Patients with COVID-19 exhibit distinct laboratory findings that are compatible with a pro-thrombotic state, in which the key associated underlying episode to thrombotic complications is an excessive inflammatory response of the host to infection. The aim of the present study was to evaluate routine prophylaxis for pulmonary thromboembolism (PTE) at a teaching school and the effect of COVID-19 on the prevalence of deep vein thrombosis (DVT) and PTE in the year 2020. The study was conducted analyzing records the patients, monthly prevalence of adequate prophylaxis and the monthly incidence of DVT and PTE in patients with moderate to high risk based on the Wells score in the year 2020, with an investigation of the effect of COVID-19 on this incidence at São José do Rio Preto Hospital.

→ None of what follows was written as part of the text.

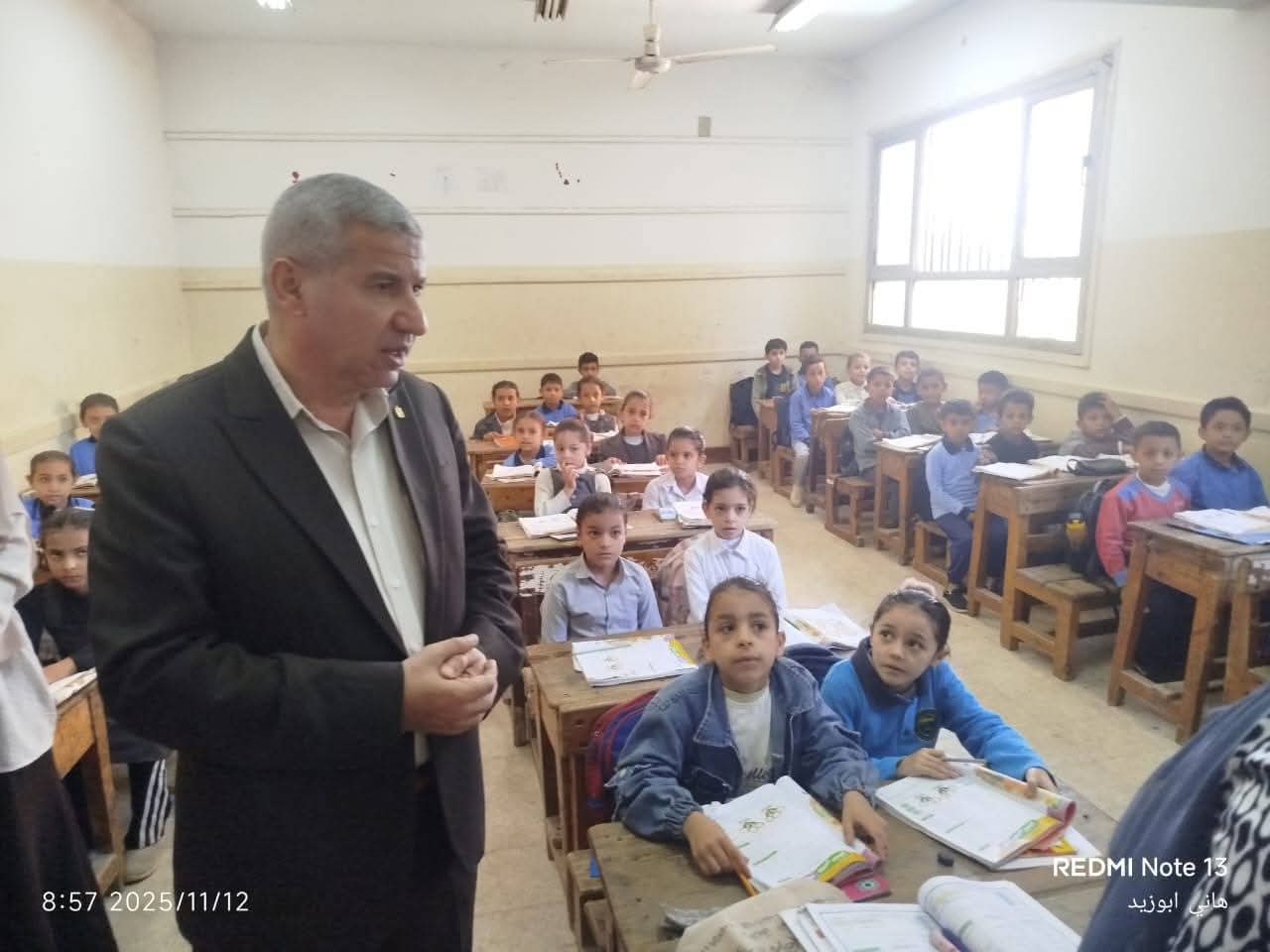 واطمئن سيادته علي استلام التلاميذ للكتب الدراسية وتحديث قوائم الفصول وتسجيلها إلكترونيا ثم تفقد سيادته فصول المدرسة لمتابعة سير العمل وانتظام الدراسة واطمئن علي التزام المعلمين بالتعليمات والقرارات الوزارية المنظمة لسير الدراسة ومتابعة موقف فك كثافات التلاميذ و الطلاب و متابعة العجز والزيادة في أعضاء هيئة التدريس و تطبيق القرارات المنظمة للتقييمات والواجبات المدرسية وكراسة الحصة

An analysis was performed of hospital data on the prevalence of adequate prophylaxis for deep vein thrombosis and pulmonary embolism in patients with moderate to high risk for PTE based on the Wells score in the year 2020. For prophylaxis, conventional and low molecular weight heparin, rivaroxaban, warfarin, antithrombotic elastic stockings and pneumatic boots were used, depending on the needs of each patient. Our results show that June and July were the peaks of the COVID-19 pandemic, with a significant increase in the incidence, going from an annual level of 0.29% to 0.88%. The monthly mean incidence went from 0.13% through June to 0.46% from July to December; this difference was statistically significant (p = 0.002, Mann-Whitney U test). The coronavirus has increased the incidence of deep vein thrombosis and pulmonary embolism, suggesting a failure in mechanisms of prophylaxis for PTE implanted prior to COVID-19.